When this formula is deformed, it can be expressed as an expression of the ratio of the moving speed of the second interface of the first coating liquid layer to the moving speed of the object to be coated.

Here, after the inventors of the present case studied more earnestly, it was found that the pressure gradient generated in the first coating liquid layer was discharged from the downstream side lip of the coating portion of the second coating liquid Length in the direction of movement).

Therefore, the pressure gradient is considered separately as the length of the downstream lip, and instead, the expression is completed by setting the pressure gradient to 0 (zero) in the expression representing the ratio of the moving speed.

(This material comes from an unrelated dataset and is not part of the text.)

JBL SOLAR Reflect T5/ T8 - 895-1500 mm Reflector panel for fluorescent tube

In this equation, the ratio of the moving speed is referred to as a dimensionless speed.

In this formula, the dimensionless speed is an index showing how much the second interface of the first coating liquid layer follows the movement of the object to be coated.
In this formula, the magnitude of the range of values that can be obtained by dimensionless speed is equivalent to the magnitude of the range of values that can be obtained by each element (each manufacturing condition) except the pressure gradient, and accordingly, it corresponds to the coatable The magnitude of the manufacturing conditions.

On the other hand, in consideration of the length of the downstream lip portion of the aforementioned coating portion, the inventors of the present application reviewed the following: while making various changes to the length and variously changing the dimensionless speed described above, Is it possible to obtain the desired first and second coating liquid layers by applying the second coating liquid layer to the first coating liquid layer under various conditions without collapsing the first coating liquid layer.

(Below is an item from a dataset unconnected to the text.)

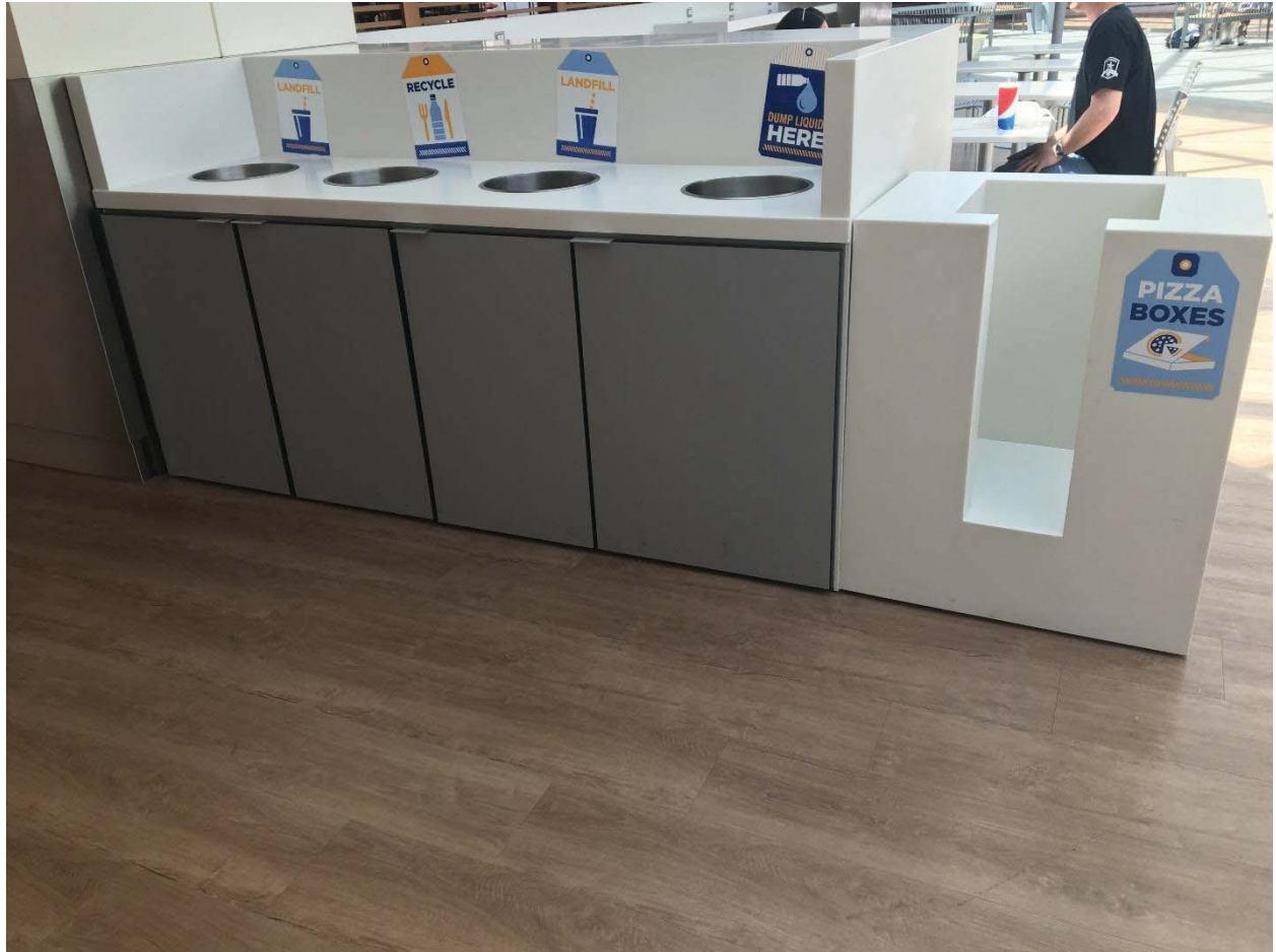
Terminal food court recycling station

As a result, it was found that the range of the downstream-side lip and the dimensionless speed at which the desired first coating liquid layer and the second coating liquid layer can be obtained can be expressed by a specific relational expression, and each of them can be further manufactured. The conditions are set so as to satisfy this relational expression, so that the manufacturing conditions that can be applied are widened, and finally this embodiment is completed.

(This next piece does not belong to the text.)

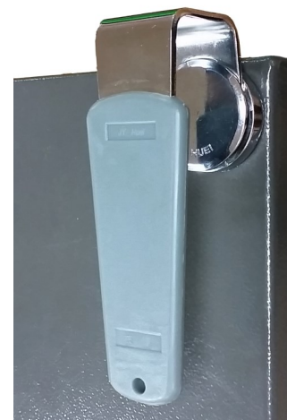
Door covers come with manual locking lever and micro switch cut out
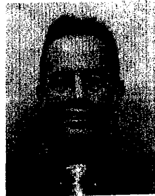
View full size

In other words, the coating device 1 of this embodiment is provided with a coating section 15. The coating section 15 firstly sprays one or more first coating liquids 33 on the object to be coated 31, and then coats the uncured and following One or more first coating liquid layers 35 which are relatively moved by the movement of the object to be coated 31, and the next second coating liquid 43 is discharged to apply the second coating liquid layer 45.
The coating device 1 is configured to cure the first coating liquid layer 35 and the second coating liquid layer 45 to form a coating film 50,
The coating portion 15 is configured to include an upstream lip 16a and a downstream lip 17a, and the upstream lip 16a and the downstream lip 17a are arranged to be separated from each other in the moving direction M of the object 13 to be coated. Forming a slit 18, and ejecting the second coating liquid 43 from the slit 18 on the first coating liquid layer 35,
The coating device 1 is configured to set the moving speed of the coated object 31 to u _w (m / s), and set the moving speed of the interface 35 b between the first coating liquid layer 35 and the second coating liquid layer 45 to u. _c (m / s), and the ratio of u _c to u _w is set to the dimensionless speed (-) represented by the following formula (1), and further, when the downstream lip portion 17 a is in the moving direction, When the length is set to X (mm) and the dimensionless speed is set to Y, the X and the Y are made to satisfy the following formula (2).
[Number 10]

μ _pre : the smallest viscosity among the viscosities of the one or more first coating solutions 33 (Pa.s)
μ _c : viscosity of the second coating liquid 43 (Pa.s)
h _G : distance (m) between the aforementioned interface 35b and the aforementioned downstream lip 17a
h _pre : total thickness of the one or more first coating liquid layers 35 (m)
ρ _pre : the largest density (kg / m ³ ) among the densities of the one or more first coating liquids 33
g: acceleration of gravity (m / s ² )
[Number 11]

According to the configuration, the second coating liquid layer 45 can be applied so that the length X of the downstream lip portion 17a of the coating portion 15 and the dimensionless speed Y expressed by the above formula (1) can be applied. The relationship is in a range satisfying the above formula (2), and when the second coating liquid layer 45 is applied, the moving speed of the object 31 and the interface 35b between the first coating liquid layer 35 and the second coating liquid layer 45 are adjusted. The difference in the moving speed becomes smaller, so that the movement of the interface 35b can sufficiently follow the movement of the object to be coated 31. This makes it possible to apply the second coating liquid layer 45 without collapsing the first and second coating liquid layers 35 and 45.
Furthermore, it becomes possible to widen the range of application conditions for manufacturing conditions without collapsing.
Therefore, when it becomes possible to apply the next second coating liquid layer 45 on the first coating liquid layer 35 applied first, the coating which can suppress the collapse of these coating liquid layers is applied under a wide range of manufacturing conditions. get on.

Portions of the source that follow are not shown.